*** Opening of DATA EXTRACT ***
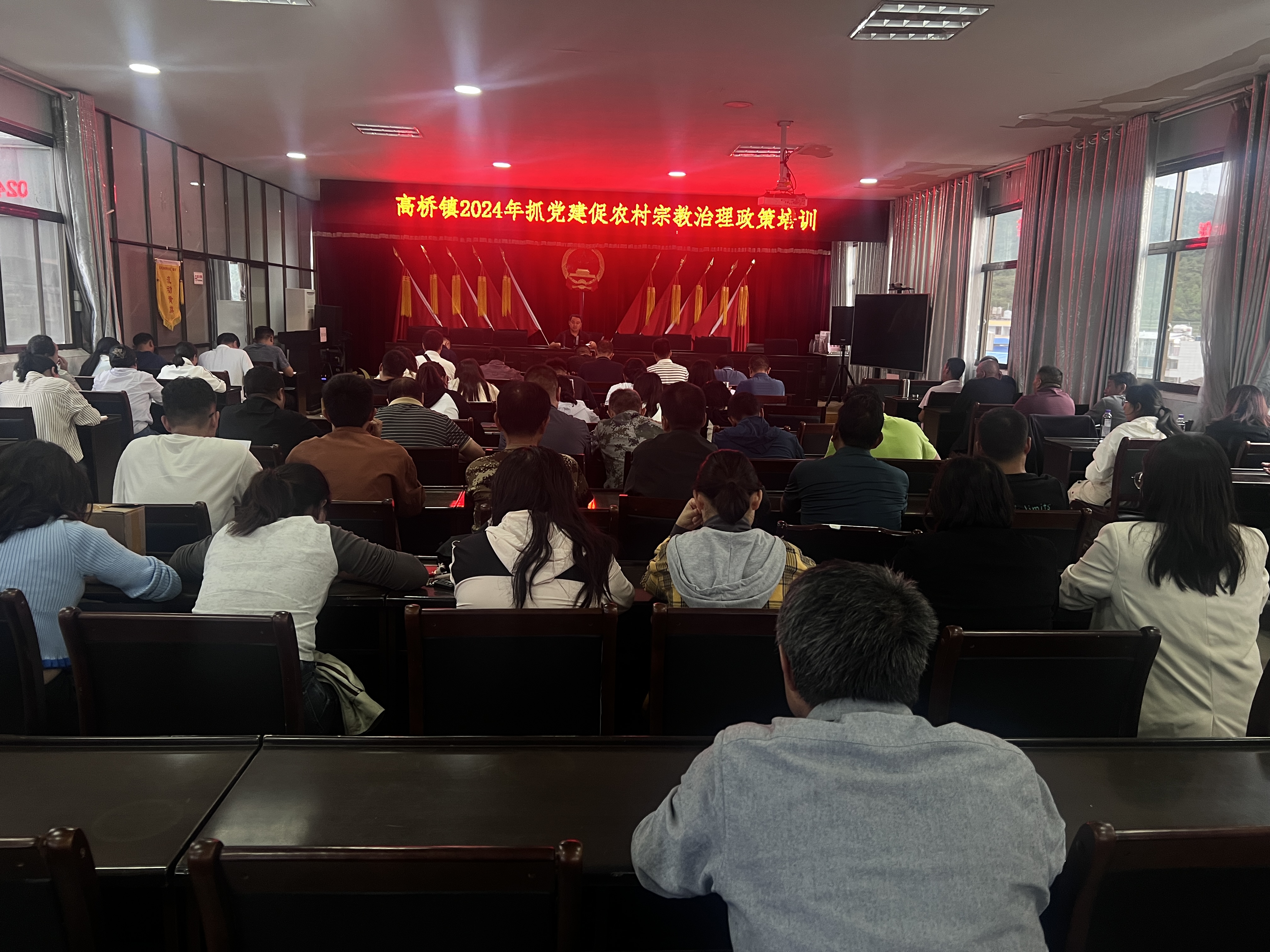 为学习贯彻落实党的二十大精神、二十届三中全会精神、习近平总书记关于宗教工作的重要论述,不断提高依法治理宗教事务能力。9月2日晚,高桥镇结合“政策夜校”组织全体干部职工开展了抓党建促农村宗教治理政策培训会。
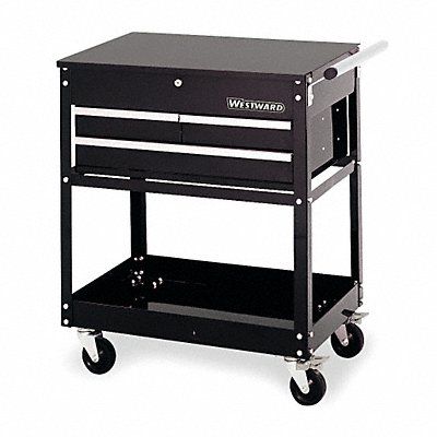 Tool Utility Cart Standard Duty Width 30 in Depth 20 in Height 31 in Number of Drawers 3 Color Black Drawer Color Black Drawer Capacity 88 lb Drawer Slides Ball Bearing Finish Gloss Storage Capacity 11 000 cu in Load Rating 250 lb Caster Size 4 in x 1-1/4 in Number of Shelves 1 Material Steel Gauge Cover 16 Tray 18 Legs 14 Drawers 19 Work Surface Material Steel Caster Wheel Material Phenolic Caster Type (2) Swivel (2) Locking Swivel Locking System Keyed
*** Close of DATA EXTRACT ***
*** Opening of DATA EXTRACT ***
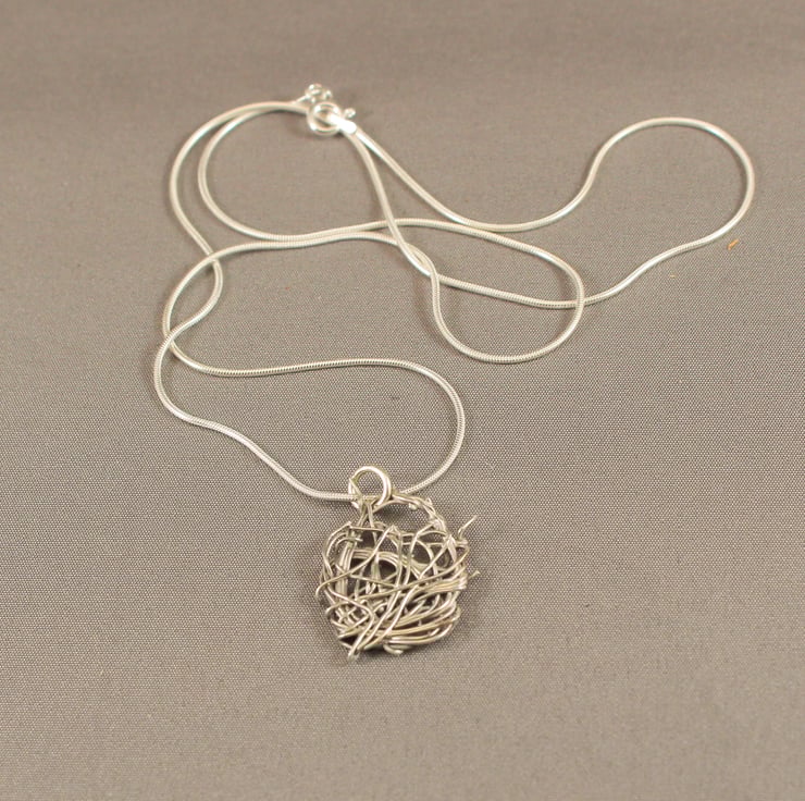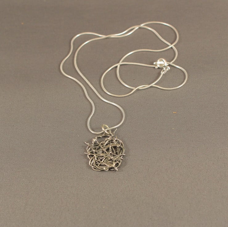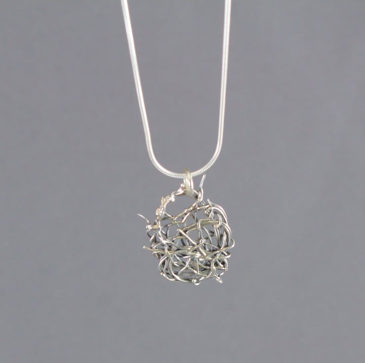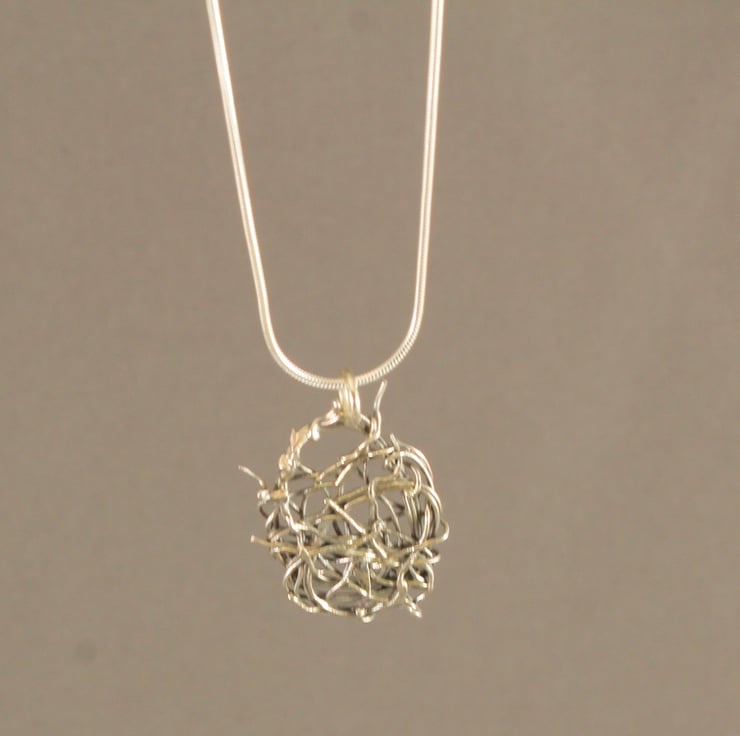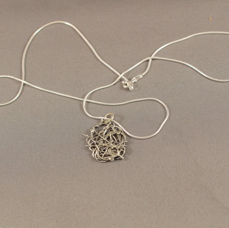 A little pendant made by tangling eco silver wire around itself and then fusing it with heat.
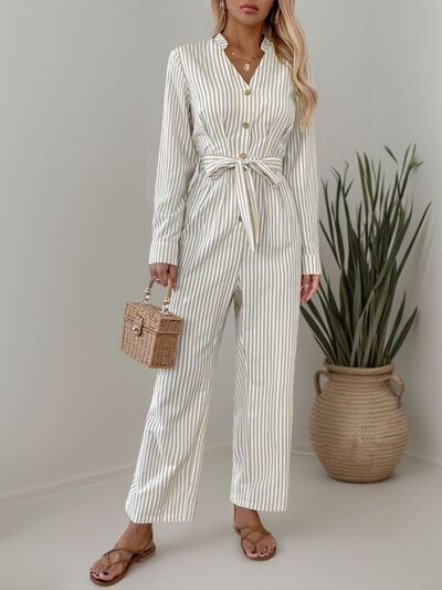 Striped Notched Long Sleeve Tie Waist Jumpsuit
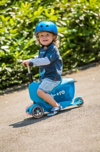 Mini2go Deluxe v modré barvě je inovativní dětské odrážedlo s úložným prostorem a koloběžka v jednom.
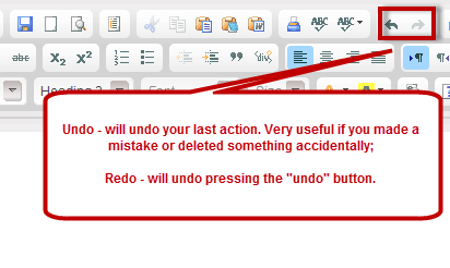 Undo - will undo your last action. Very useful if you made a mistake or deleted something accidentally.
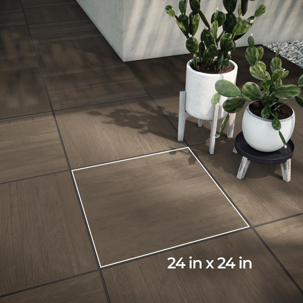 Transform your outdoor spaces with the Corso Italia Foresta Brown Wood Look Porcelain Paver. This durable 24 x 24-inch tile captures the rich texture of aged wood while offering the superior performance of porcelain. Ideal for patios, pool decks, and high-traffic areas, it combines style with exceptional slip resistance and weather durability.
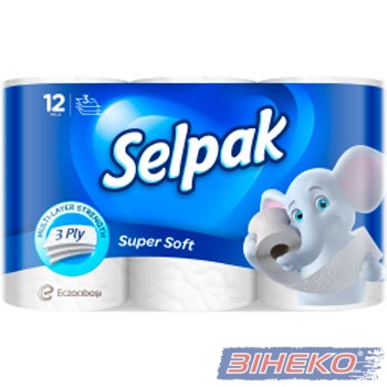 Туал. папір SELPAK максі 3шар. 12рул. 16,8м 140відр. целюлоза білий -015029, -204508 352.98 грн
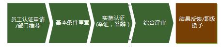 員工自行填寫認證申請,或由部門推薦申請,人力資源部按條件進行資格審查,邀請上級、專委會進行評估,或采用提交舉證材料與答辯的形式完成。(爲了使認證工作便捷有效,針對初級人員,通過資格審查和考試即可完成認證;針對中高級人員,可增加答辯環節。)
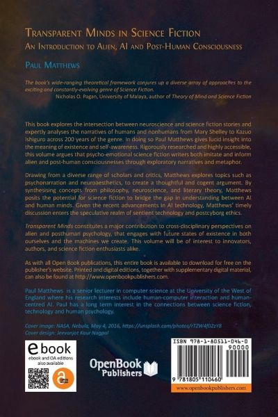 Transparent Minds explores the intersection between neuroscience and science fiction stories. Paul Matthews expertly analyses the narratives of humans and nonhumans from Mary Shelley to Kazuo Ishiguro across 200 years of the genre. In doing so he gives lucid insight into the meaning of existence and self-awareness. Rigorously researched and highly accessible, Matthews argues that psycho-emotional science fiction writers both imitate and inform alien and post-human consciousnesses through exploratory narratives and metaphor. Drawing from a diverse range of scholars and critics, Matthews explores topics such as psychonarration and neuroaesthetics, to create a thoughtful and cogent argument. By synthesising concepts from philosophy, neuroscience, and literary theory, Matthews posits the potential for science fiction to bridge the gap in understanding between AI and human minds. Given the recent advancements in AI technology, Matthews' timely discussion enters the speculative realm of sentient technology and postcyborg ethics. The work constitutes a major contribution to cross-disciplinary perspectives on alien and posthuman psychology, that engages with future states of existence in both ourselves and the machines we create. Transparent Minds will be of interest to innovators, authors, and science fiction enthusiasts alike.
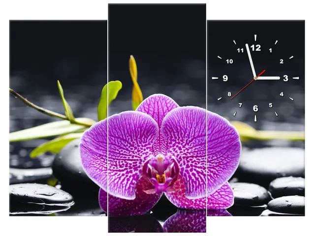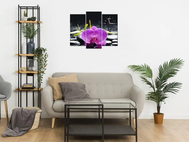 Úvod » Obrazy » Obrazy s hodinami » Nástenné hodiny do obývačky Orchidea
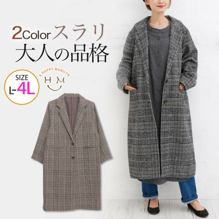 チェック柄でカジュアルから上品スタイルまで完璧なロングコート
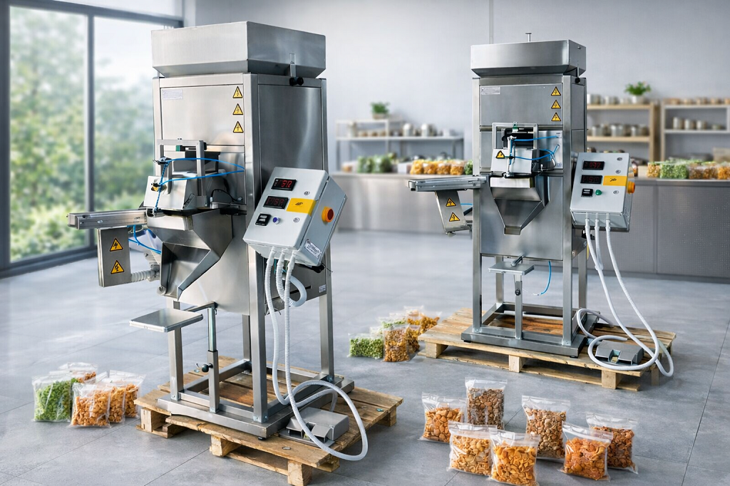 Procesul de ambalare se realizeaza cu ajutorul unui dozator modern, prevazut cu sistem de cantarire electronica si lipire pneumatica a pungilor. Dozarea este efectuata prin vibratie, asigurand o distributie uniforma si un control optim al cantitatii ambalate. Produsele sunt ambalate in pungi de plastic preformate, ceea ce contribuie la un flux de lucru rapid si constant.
*** Close of DATA EXTRACT ***
In the data above, take the line with "Туал. папір SELPAK", the line with "員工自行填寫認證申請,或由部", and every line between, and set them down exactly without pictures.

## EXERCISE RESPONSE
 Туал. папір SELPAK максі 3шар. 12рул. 16,8м 140відр. целюлоза білий -015029, -204508 352.98 грн
 員工自行填寫認證申請,或由部門推薦申請,人力資源部按條件進行資格審查,邀請上級、專委會進行評估,或采用提交舉證材料與答辯的形式完成。(爲了使認證工作便捷有效,針對初級人員,通過資格審查和考試即可完成認證;針對中高級人員,可增加答辯環節。)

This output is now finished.